*** Opening of Dataset records ***

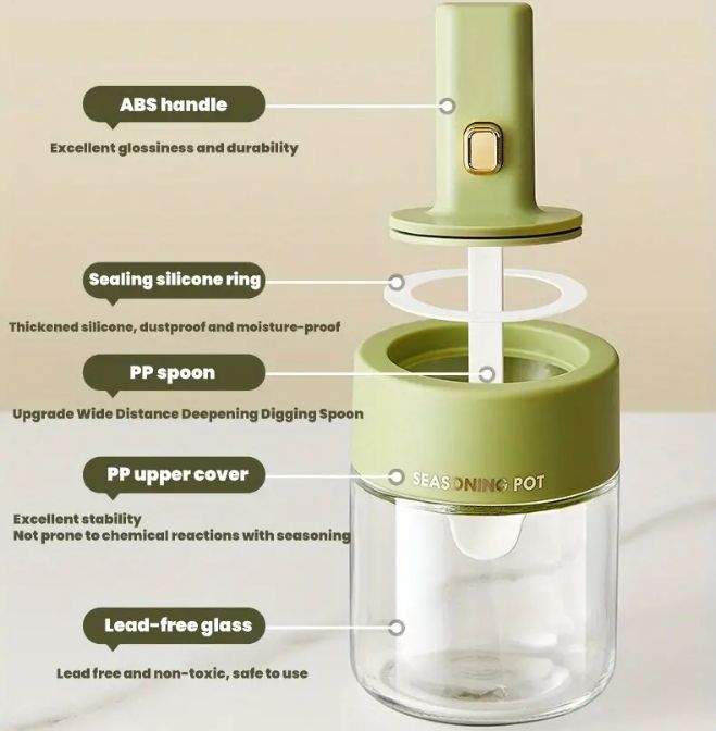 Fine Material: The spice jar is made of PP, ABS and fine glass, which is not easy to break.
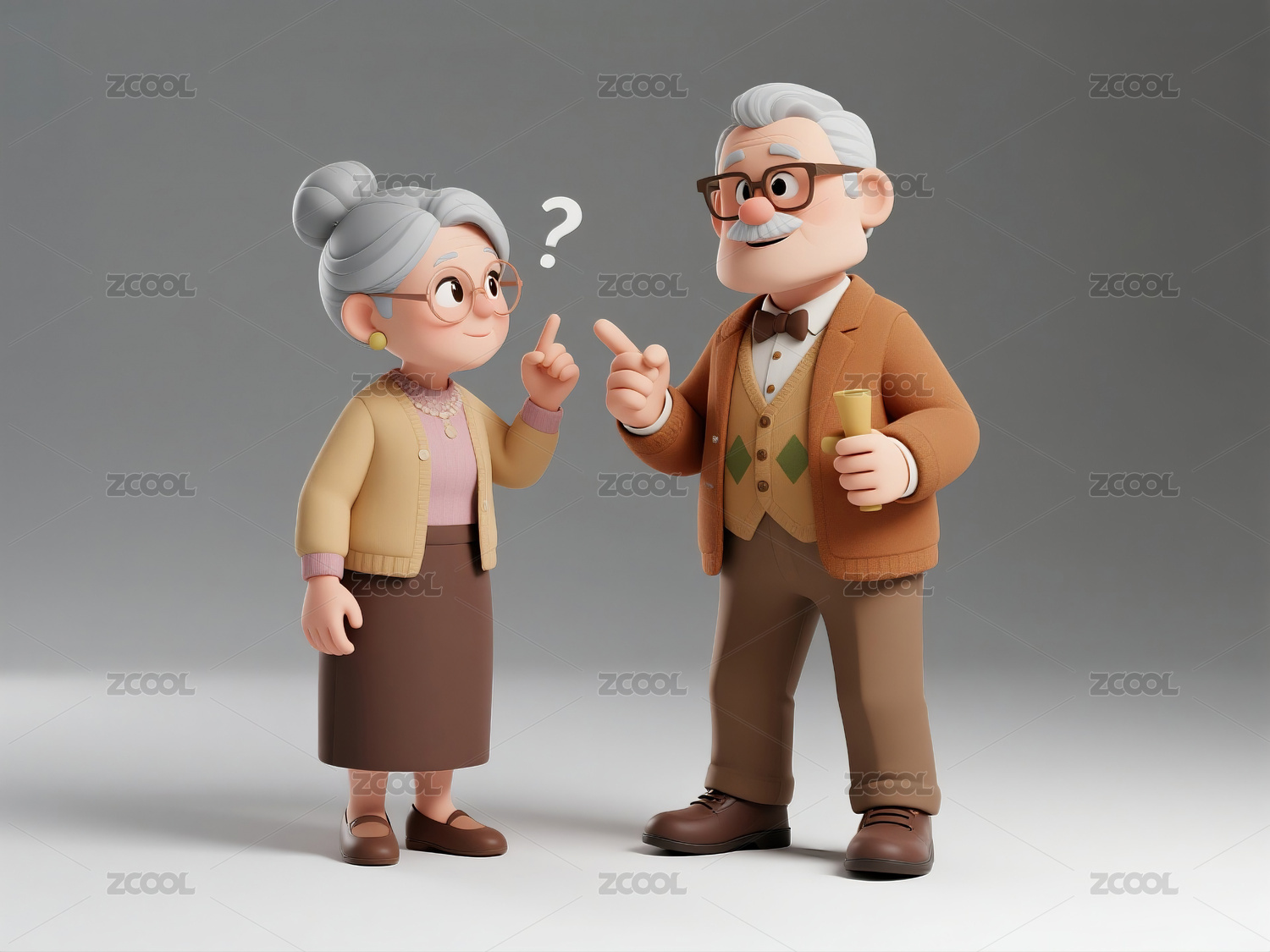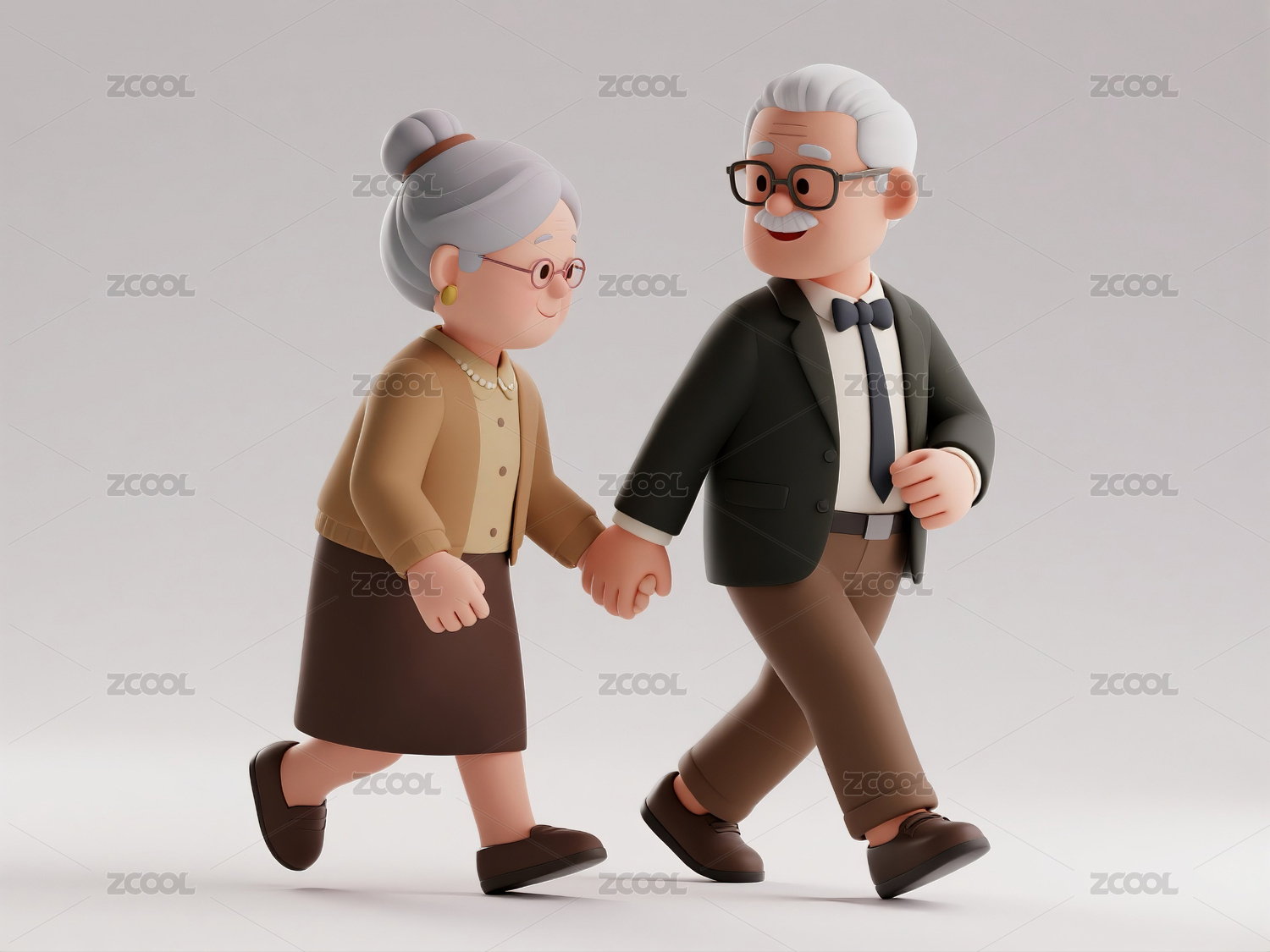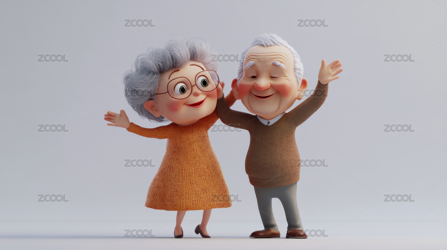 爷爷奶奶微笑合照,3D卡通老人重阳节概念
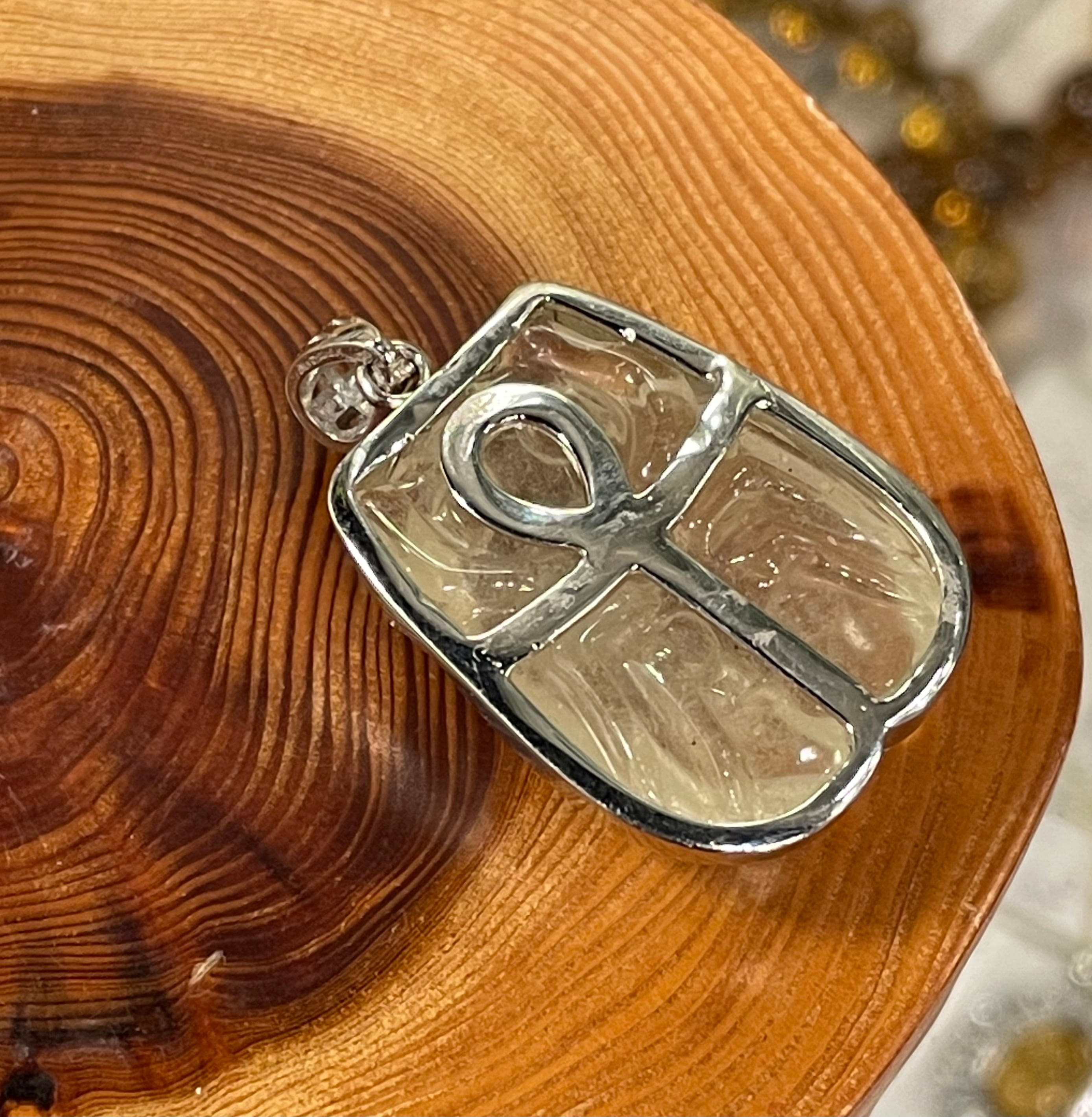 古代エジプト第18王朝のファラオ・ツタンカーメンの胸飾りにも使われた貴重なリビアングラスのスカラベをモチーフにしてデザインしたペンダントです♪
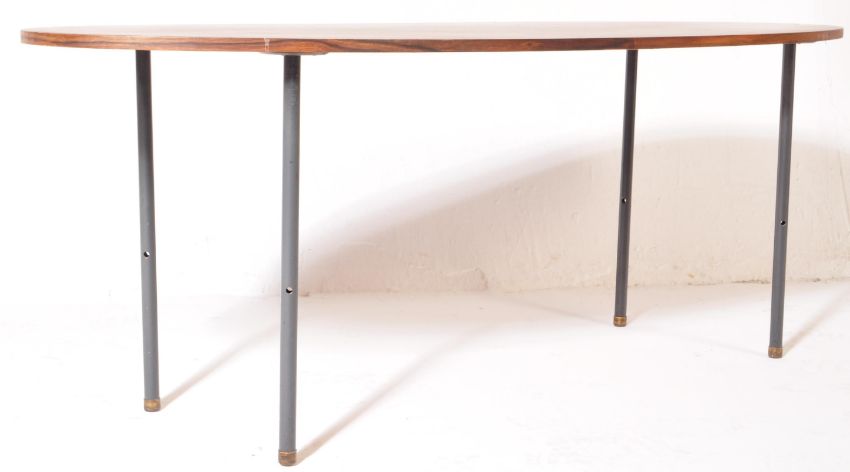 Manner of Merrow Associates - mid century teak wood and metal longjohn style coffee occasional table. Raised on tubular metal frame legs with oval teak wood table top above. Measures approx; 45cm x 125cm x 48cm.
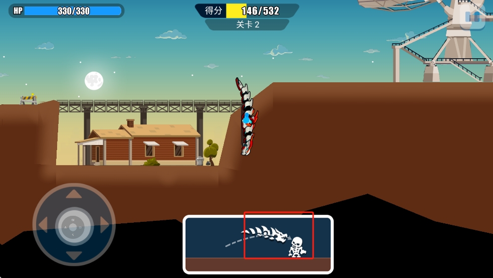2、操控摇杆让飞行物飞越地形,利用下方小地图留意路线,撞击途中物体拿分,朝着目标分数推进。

*** Close of Dataset records ***

• Goal of the exercise
Omit the pictures and retype exactly the lines from the one containing "爷爷奶奶微笑合照,3D卡通老人重阳节概念" through the end of the entries above.

• Output for this exercise
 爷爷奶奶微笑合照,3D卡通老人重阳节概念
 古代エジプト第18王朝のファラオ・ツタンカーメンの胸飾りにも使われた貴重なリビアングラスのスカラベをモチーフにしてデザインしたペンダントです♪
 Manner of Merrow Associates - mid century teak wood and metal longjohn style coffee occasional table. Raised on tubular metal frame legs with oval teak wood table top above. Measures approx; 45cm x 125cm x 48cm.
2、操控摇杆让飞行物飞越地形,利用下方小地图留意路线,撞击途中物体拿分,朝着目标分数推进。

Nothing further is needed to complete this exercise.